O único problema de todo o documentário foi um senhor oriental no final, especializado em comportamentos, que disse rindo mais ou menos assim: “Eu não queria admitir, mas eu descobri que a única coisa que pode vai fazer nos atinar que salvar nosso planeta é algo necessário, é o amor. Hippie, não é?”.
Reencontros
July 11, 2009 - No comments yetEscrevendo rápido antes de começar a exposição do 2º Body Art, lá no Ginásio do Verdinho.
Essa última semana foi a semana dos reencontros. Na sexta, no dia 03 rolou o primeiro show de muitos do Projeto Música do Mato. Ele reuniu os cinco – que acabaram virando seis – maiores expoentes da música matogrossense em suas devidas vertentes. Macaco Bong, Ebinho Cardoso, DJ Farinha, Linha Dura, Paulo Monarco e Alexandre Facchini nos jardins do SESC. Foi a chance de rever os agentes desde que voltei de viagem – Pablo Capilé, Thiago Dezan, Lígia Torres e todos os artistas pedreiros da nossa cena, em especial as bandas do Sindicatto. Sem esquecer, claro, a chance de ver Macaco e Linha no palco, duas bandas que eu particularmente gosto muito. Não desmerecendo as outras, que arrebentaram lá também.

No sábado seguinte também me encontrei novamente com o MIC. Quando comecei a me envolver mais com o trabalho dentro do Cubo, o MIC foi onde eu mais despendi força de trabalho – excluindo aqui o trabalho da Volume, claro. Um debate super bacana sobre produção de eventos na área da comunicação.
Foi também a semana do reencontro escolar. Comecei a fazer o malfadado cursinho pré vestibular no CEFET, que agora se chama IFET. Essa troca de nomes me faz sentir (mais ainda) uma velha quadrada, assim como a reforma da língua portuguesa. Agora estou pensando que curso fazer na faculdade. Estou aceitando sugestões, rs.

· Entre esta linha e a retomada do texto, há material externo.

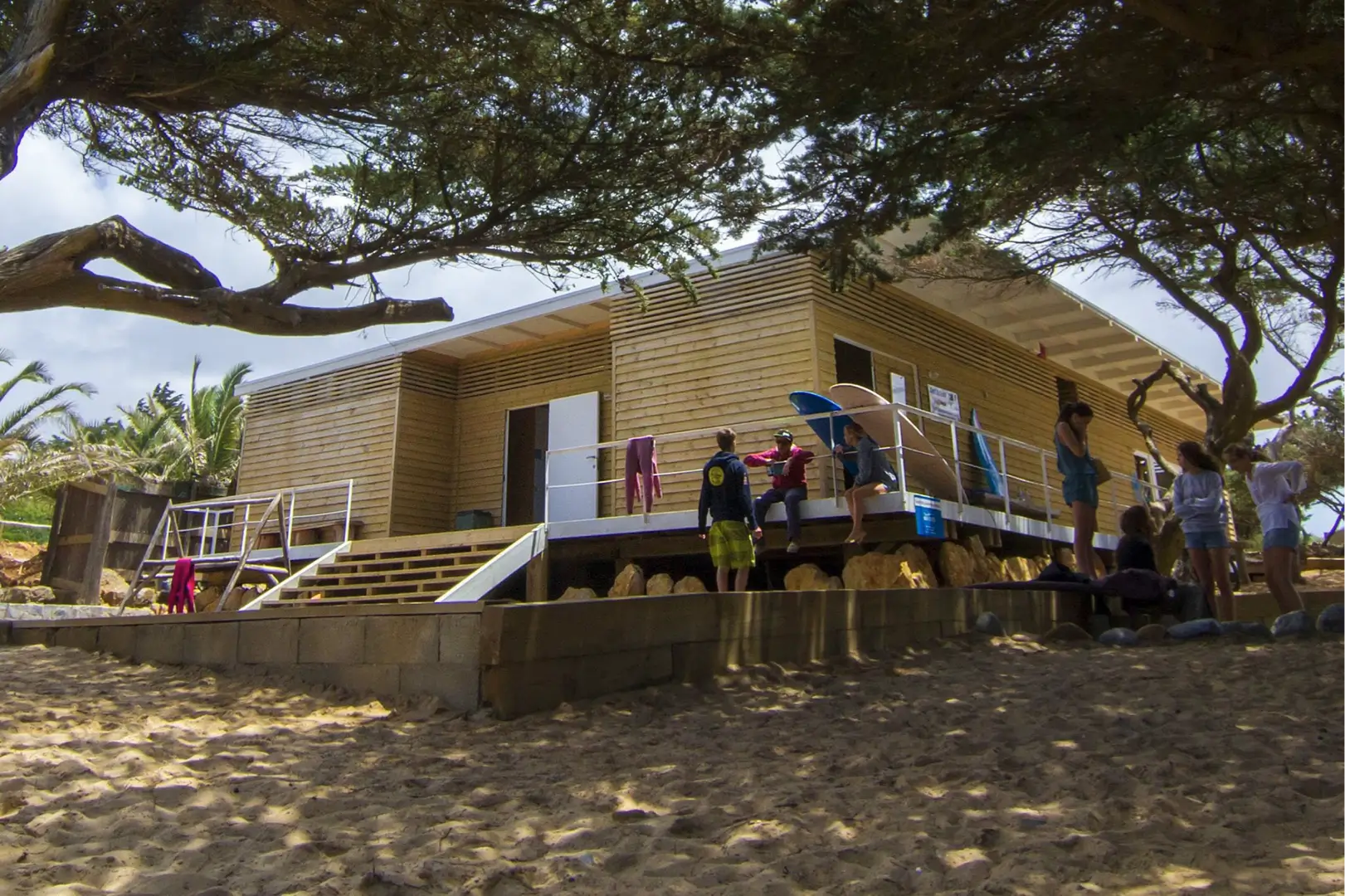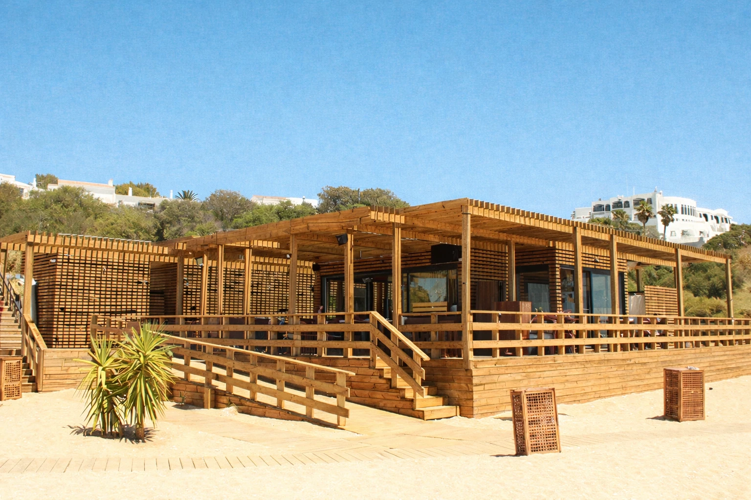 Apoios de praia e edifícios costeiros em madeira
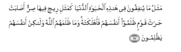 117. Mathalu ma yunfiqoona fee hathihi alhayati alddunya kamathali reehin feeha sirrun asabat hartha qawmin thalamoo anfusahum faahlakat-hu wama thalamahumu Allahu walakin anfusahum yathlimoona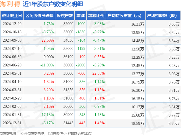 从股价来看,2024年11月29日至2024年12月20日,海 利 得区间跌幅为1.75%,在此期间股东户数减少1000.0户,减幅为3.03%。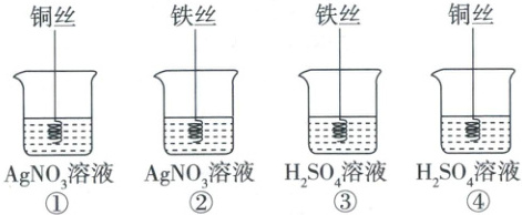 ④$Cu$与稀硫酸不反应,可得金属活动性:$Cu < (H)$。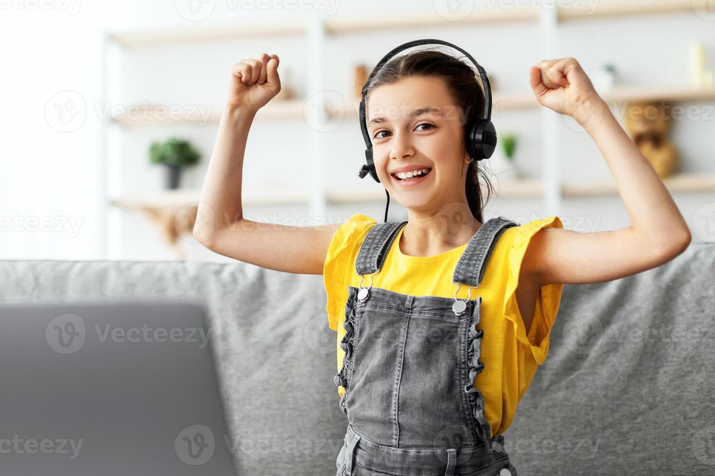 Portrait of smiling child wearing headset showing yes gesture playing online game or studying, shaking and raising clenched fists up in the air, looking at camera, using computer free copy space Pro Photo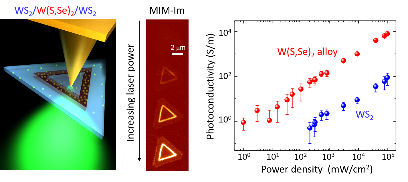 (Left) Artistic rendering of the laser stimulated MIM on the WS2/alloy/WS2 lateral hetero-junction sample. (Middle) Top-down: MIM-Im images as the laser intensity increases. (Right) Photoconductivity as a function of the illumination power. The local photoconductivity of the alloy region is enhanced by two orders of magnitude over WS2.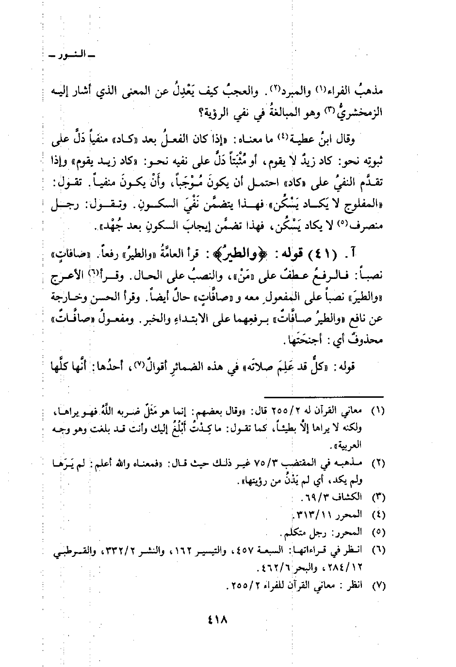 قوله: {والطير} : قرأ العامَّةُ «والطيرُ» رفعاً. «صافاتٍ» نصباً: فالرفعُ عطفٌ على «مَنْ» والنصبُ على الحال. وقرأ الأعرج «والطيرَ» نصباً على المفعولِ معه و «صافَّاتٍ» حالٌ أيضاً. وقرأ الحسن وخارجة عن نافع «والطيرُ صافَّاتٌ» برفعِهما على الابتداءِ والخبر. ومفعولُ «صافَّاتٌ» محذوفٌ أي: أجنحَتَها.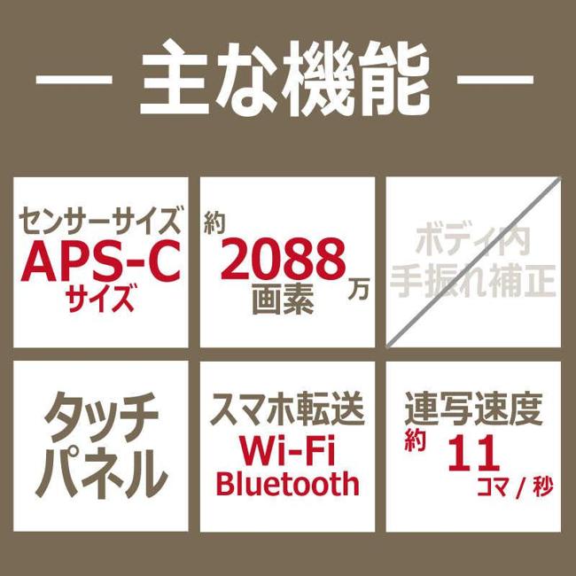 | 画素数 | 2151万画素(総画素) 2088万画素(有効画素) | 撮像素子 | APS-C 23.5mm×15.7mm CMOS |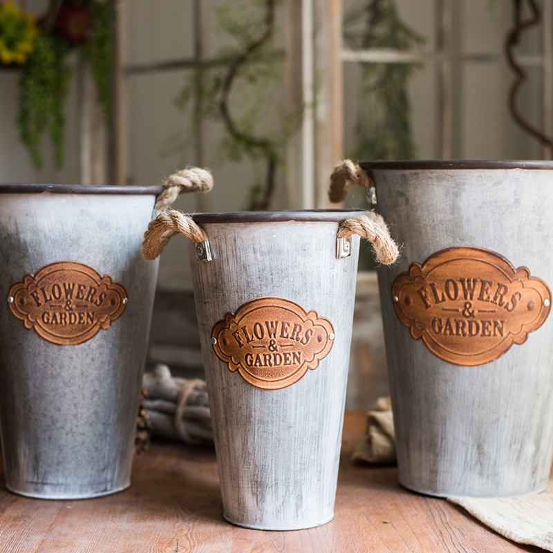 鲜花桶醒花桶复古铁艺花瓶泡花插花干花筒花店家用花器装饰大花盆
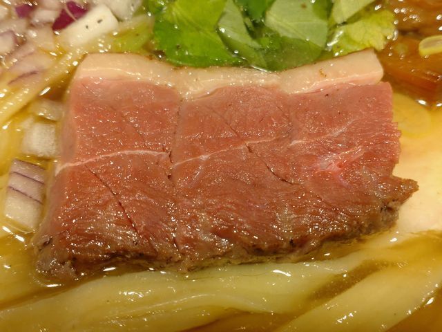 東京・木場の『麺屋ルリカケス』の6月23日の2周年記念限定の「特製蛤・真鯛と地鶏の塩そば」にトッピングされていた「マグレ・ド・カナール」のロティも、かなり美味しい逸品だったけど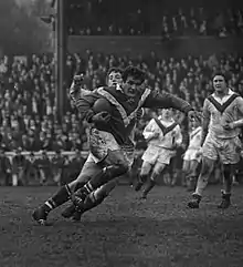 George Aillères playing against Great Britain in Wigan, 1967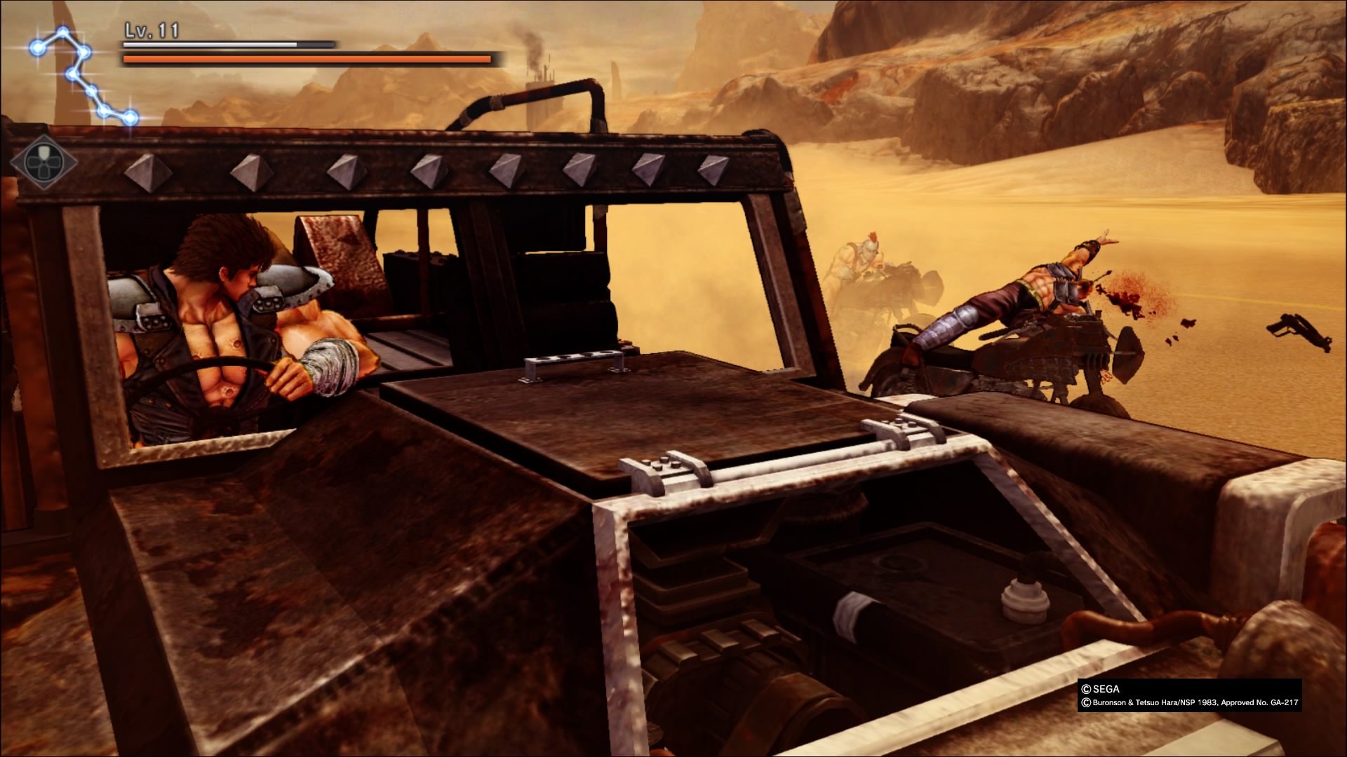 Należy również dodać, że po pewnym czasie otrzymujemy możliwość przemierzania pustkowi przy pomocy samochodu. Dawno nie widziałem pojazdu, który zachowuje się jak kostka masła na rozgrzanej patelni. Kiedy dochodzi do używania hamulca ręcznego to bez problemu można robić bączki jak szalony. Oczywiście nie jest to aż tak duża wada, jednak dla ludzi lubujących się w grach wyścigowych może być to przeszkoda nie do przeskoczenia. Należy wspomnieć też o obecności minigier. Jak to bywa z tymi twórcami, możemy grać w baseball przy pomocy przeciwników i wielkiego metalowego pręta (tak, dobrze czytacie) czy bawić się w barmana. Tutaj nie mam większych uwag, ponieważ jest to poziom do którego studio zdążyło nas przyzwyczaić.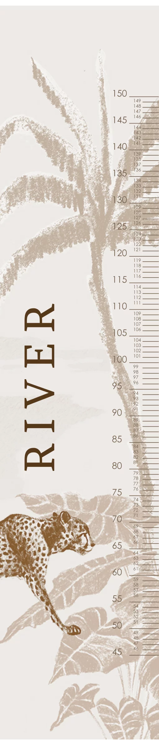 Wat een leuke groeimeter! Naast heel handig staat deze meter ook superleuk in de kinderkamer. De groeimeter heeft neutrale kleuren met een illustratie van een luipaard tussen de bomen en bladeren. Pas de groeimeter helemaal naar wens aan in onze online opmaaktool.

Nesses últimos dias também me empenhei para fechar a Planilha de Execução da Comunicação do mês de junho, junto com toda a pré da Conveção de Tatuagens e a pós produção do Prêmio Hell City. E justamente nesse evento, um fato me surpreendeu – e me estimulou. Desde que assumi algumas das funções de Assessoria de Imprensa do Cubo, é primeiro evento em que todas as TV’s de que temos contato aceitaram a pauta e estão gravando conosco.
Enfim, acho que é isso. Até a próxima.